Defesa de Jair Bolsonaro alega piora no quadro de saúde em prisão e cobra urgência em laudo da PF
A defesa de Jair Bolsonaro entrou com um pedido no Supremo Tribunal Federal (STF) nesta quarta-feira (4), alegando que a saúde do ex-presidente **piorou nos últimos dias**. Os advogados buscam com **máxima urgência** a apresentação de um laudo da perícia realizada pela Polícia Federal no dia 20.
O ministro Alexandre de Moraes, relator do caso, aguarda o relatório da autoridade policial para decidir sobre um pedido de **prisão domiciliar humanitária**. Inicialmente, o prazo para a entrega dos documentos era de 10 dias, mas a defesa argumenta que o laudo ainda não foi juntado aos autos.
A apresentação do laudo pericial é considerada fundamental pela defesa para que um parecer técnico seja elaborado e, consequentemente, para que o STF analise a necessidade de conceder a prisão domiciliar humanitária a Bolsonaro. A informação foi divulgada conforme o conteúdo original, sem atribuição direta a um veículo específico.
Piora nos sintomas e pedido de urgência
De acordo com a petição apresentada pela defesa, Bolsonaro tem apresentado uma **piora em seu estado de saúde recentemente**. A petição detalha o surgimento de **episódios eméticos** e uma **crise de soluços acentuada**. Estes sintomas justificariam a necessidade de uma análise mais aprofundada sobre sua condição em reclusão.
Histórico de prisões e pedidos negados
Jair Bolsonaro já esteve em prisão domiciliar entre 4 de agosto e 22 de novembro.

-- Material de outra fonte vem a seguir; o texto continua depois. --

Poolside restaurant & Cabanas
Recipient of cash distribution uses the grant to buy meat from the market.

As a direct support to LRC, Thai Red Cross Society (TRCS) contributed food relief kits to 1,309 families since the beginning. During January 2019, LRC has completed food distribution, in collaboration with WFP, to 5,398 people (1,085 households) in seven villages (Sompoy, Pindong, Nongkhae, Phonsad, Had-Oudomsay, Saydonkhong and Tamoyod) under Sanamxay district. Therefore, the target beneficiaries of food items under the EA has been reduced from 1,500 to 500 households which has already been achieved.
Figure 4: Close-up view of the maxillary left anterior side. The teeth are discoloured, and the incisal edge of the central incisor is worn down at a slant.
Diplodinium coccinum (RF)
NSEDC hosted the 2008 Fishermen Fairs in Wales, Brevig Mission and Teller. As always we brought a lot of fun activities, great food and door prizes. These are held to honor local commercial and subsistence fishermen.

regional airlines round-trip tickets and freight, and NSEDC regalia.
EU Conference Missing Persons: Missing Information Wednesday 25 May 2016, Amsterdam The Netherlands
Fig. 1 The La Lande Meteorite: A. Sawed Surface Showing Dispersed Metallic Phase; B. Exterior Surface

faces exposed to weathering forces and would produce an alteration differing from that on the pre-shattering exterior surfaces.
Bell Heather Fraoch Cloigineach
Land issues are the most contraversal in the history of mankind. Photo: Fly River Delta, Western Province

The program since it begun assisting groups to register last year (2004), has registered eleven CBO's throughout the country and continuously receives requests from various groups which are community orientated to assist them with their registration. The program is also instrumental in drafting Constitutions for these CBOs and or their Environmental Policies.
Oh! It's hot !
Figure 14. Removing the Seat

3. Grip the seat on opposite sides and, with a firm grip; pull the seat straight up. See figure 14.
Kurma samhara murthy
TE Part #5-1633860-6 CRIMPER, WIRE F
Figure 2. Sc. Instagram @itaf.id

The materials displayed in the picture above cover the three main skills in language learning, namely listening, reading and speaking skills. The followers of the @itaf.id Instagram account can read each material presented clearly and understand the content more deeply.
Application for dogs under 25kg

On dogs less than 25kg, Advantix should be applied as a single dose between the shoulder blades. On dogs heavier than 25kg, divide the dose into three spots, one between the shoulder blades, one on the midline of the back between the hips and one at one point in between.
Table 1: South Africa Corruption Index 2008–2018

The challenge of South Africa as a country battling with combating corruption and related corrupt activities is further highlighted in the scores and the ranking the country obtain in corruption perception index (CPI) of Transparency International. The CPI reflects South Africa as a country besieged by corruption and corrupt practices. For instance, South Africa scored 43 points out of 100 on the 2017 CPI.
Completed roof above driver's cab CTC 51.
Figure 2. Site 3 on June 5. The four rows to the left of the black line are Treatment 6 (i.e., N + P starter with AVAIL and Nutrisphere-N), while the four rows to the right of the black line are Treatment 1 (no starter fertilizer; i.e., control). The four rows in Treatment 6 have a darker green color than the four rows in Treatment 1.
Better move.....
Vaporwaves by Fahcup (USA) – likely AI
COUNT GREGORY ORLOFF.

Posteriormente, foi detido preventivamente na Superintendência da Polícia Federal em Brasília, após alegações de tentativa de violar a tornozeleira eletrônica. A prisão ocorreu no âmbito de um inquérito que investiga a atuação de Eduardo Bolsonaro nos Estados Unidos.

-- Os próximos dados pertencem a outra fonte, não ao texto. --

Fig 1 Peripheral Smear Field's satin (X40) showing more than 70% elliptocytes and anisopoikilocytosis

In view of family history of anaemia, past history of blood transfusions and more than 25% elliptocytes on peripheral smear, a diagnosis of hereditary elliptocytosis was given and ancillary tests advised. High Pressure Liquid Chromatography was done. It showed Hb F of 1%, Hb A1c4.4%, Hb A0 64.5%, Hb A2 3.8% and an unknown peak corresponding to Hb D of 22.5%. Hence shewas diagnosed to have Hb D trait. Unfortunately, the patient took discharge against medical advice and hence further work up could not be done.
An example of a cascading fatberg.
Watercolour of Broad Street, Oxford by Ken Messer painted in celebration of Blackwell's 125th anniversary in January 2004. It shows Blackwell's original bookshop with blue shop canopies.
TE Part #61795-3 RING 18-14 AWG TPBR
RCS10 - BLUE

Em novembro, Alexandre de Moraes encerrou uma ação penal relacionada a uma suposta tentativa de golpe de Estado, ordenando o cumprimento imediato de uma pena de 27 anos e três meses de prisão para Bolsonaro. O ex-presidente foi transferido da sede da PF para o 19º Batalhão da Polícia Militar, conhecido como Papudinha, em 15 de janeiro deste ano.

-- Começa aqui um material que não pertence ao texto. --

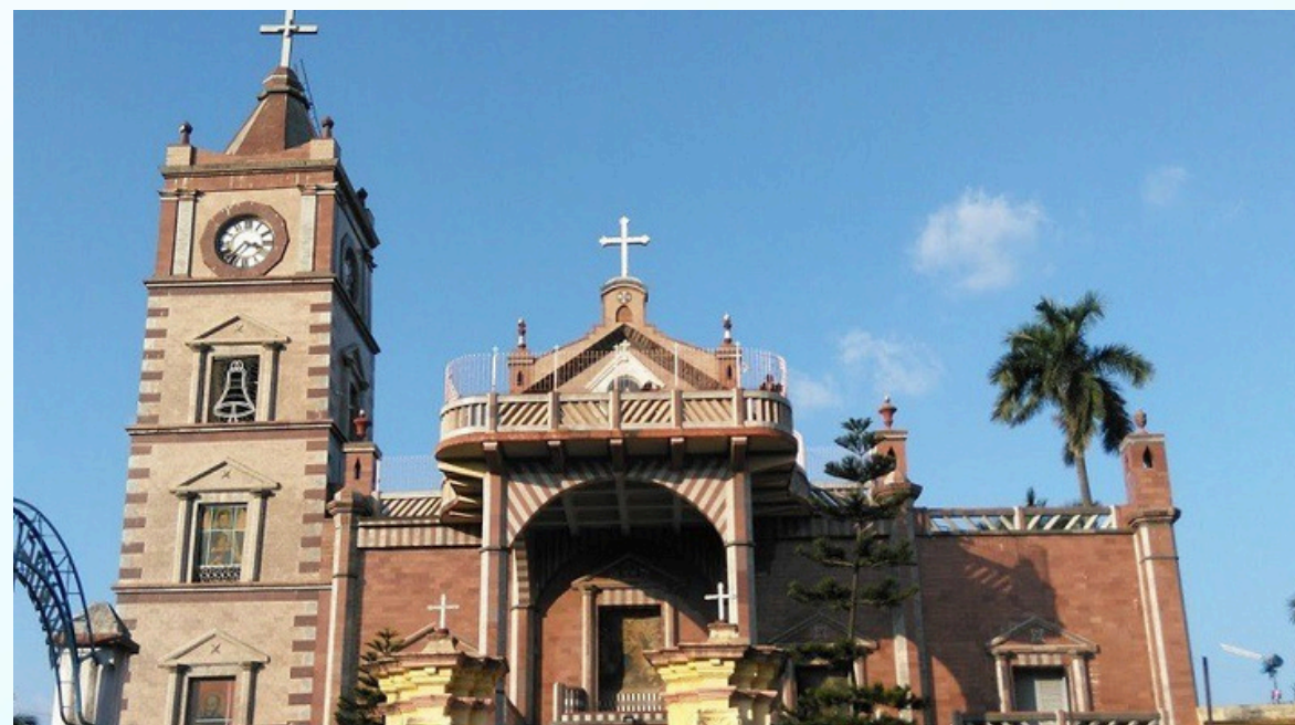
BANDEL CHURCH HOOGHLY-23 kms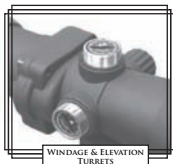
WINDAGE & ELEVATION TURRETS

Turn the turret counter clockwise to make the reticle move to the right. Turn the turret clockwise to make the reticle move to the left.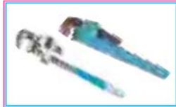
PIPE WRENCH GROUP PAGE 8 - 9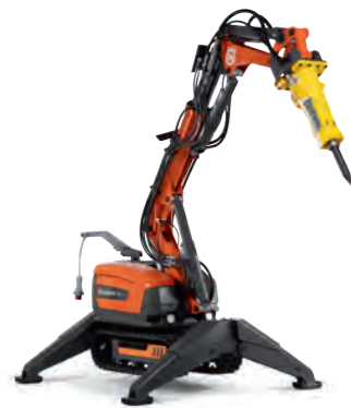
HYDRAULIC-POWERED HUSQVARNA DXR 315 27 kW, 2020 kg, reach 5.5/5.2 m up/forward incl. tool.

As an expert on controlled demolition, you know exactly how to get the job done – and our solutions let you do it smarter, with better performance and new levels of power. Explore what you can accomplish with the DXR demolition robots from Husqvarna. Get ready to experience unstoppable power and meticulous control like you've never done before.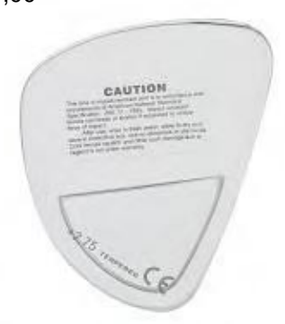
Plus Lens for Optical mask – GLC0

Stretch strap with non-slip. Included snorkel holder. Adjustable. Ultimate comfort. RRP 17,00

Defesa busca prisão domiciliar humanitária
A defesa de Bolsonaro já protocolou diversos pedidos de prisão domiciliar humanitária, mas todas as solicitações anteriores foram **negadas pelo ministro Alexandre de Moraes**. A expectativa agora é que a apresentação do laudo pericial e a análise detalhada de seu estado de saúde possam reverter essa decisão, permitindo que o ex-presidente cumpra sua pena em regime domiciliar.